Direct peace talks between the two sides broke down in 2010, with the Palestinians walking away from the negotiations after Israel refused to extend a partial freeze on settlement building.

Obama reiterated that Israel had the "unshakeable" support of the United States.

"Those who adhere to the ideology of rejecting Israel’s right to exist might as well reject the earth beneath them and the sky above, because Israel is not going anywhere. Today, I want to tell you -- particularly the young people -- so that there is no mistake: so long as there is a United States of America, 'Ah-tem lo lah-vahd' --You are not alone."

He also demanded that the international community recognize Lebanon’s Shi'ite Hizballah militia as a "terrorist organization" for its attacks on Israelis.

Obama reiterated that the United States favors a diplomatic resolution to the dispute over Iran's nuclear program, but warned that Iran's time "is not unlimited."

"Because of the cooperation between our governments, we know that there remains time to pursue a diplomatic resolution. That is what America will do -- with clear eyes -- working with a world that is united, and with the sense of urgency that is required. But Iran must know this time is not unlimited," Obama said.

"And I have made the position of the United States of America clear: Iran must not get a nuclear weapon.
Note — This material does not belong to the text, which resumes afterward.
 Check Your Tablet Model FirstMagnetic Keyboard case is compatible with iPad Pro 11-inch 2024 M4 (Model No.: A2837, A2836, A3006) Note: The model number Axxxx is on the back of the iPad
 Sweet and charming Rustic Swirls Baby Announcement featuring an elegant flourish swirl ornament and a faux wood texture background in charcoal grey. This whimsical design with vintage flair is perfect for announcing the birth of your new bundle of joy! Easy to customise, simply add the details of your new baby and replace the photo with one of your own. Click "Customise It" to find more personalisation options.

This is not a danger that can be contained. As president, I have said to the world that all options are on the table for achieving our objectives. America will do what we must to prevent a nuclear-armed Iran."
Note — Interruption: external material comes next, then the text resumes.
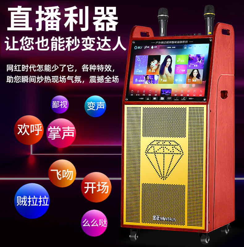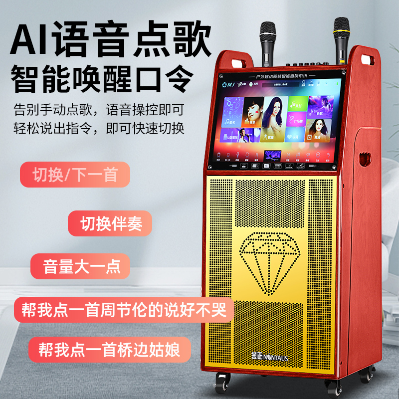 Golden Zheng H22 Square Dance Sound Belt Display Screen Big Outdoor Performance Home Point Sing K Song Wireless Microphone High Power Three-frequency Frequency Bass mobile KTV Rover speaker film All

At a state dinner later on March 21, President Shimon Peres presented Obama with the Medal of Distinction, Israel's highest honor.

'Vision Of Two States'

Obama is on his first official visit to Israel.

Earlier in the day, he met with Palestinian Authority President Abbas during a trip to the West Bank, where he said Israeli settlement building was not "constructive" or "appropriate" and did not "advance the cause of peace."

"The Palestinian people deserve an end to occupation and the daily indignities that come with it. Palestinians deserve to move and travel freely and to feel secure in their communities," he said at a news conference with Abbas in the West Bank town of Ramallah.

"Like people everywhere, Palestinians deserve a future of hope that their rights will be respected, that tomorrow will be better than today, and that they can give their children a life of dignity and opportunity," he continued. "Put simply, Palestinians deserve a state of their own."

Both Obama and Abbas said peace between Palestinians and Israelis was possible but significant problems needed to be resolved.

Obama reaffirmed support for a Palestinian state but conceded issues such as continued construction of Jewish housing settlements and the incarceration of Palestinians in Israeli jails were formidable obstacles to peace.

"The United States remains committed to realizing the vision of two states, which is in the interests of the Palestinian people and also in the national security interests of Israel, the United States, and the world," Obama said.

"We seek an independent, a viable, and contiguous Palestinian state as the homeland of the Palestinian people alongside the Jewish state of Israel -- two nations enjoying self-determination, security, and peace."

Time To Talk

Peace talks broke down in 2010 over Palestinian objections to Israel's expansion of settlements on land that Palestinians want for a state. Israel has called for a resumption of the talks without preconditions.

The U.S. president stressed the importance of getting the two sides talking again.

"If we can get direct negotiations started again, I believe that the shape of a potential deal is there," Obama said. "And if both sides can make that leap together then not only do I believe that the Israeli people and the Palestinian people would ultimately support it in huge numbers, but I also think the world and the region would cheer."

Obama arrived in Ramallah on March 21 after visiting Israel and meeting with top officials, including Prime Minister Benjamin Netanyahu.

Obama said U.S. Secretary of State John Kerry would be spending significant time trying to bridge differences between the Palestinians and Israelis.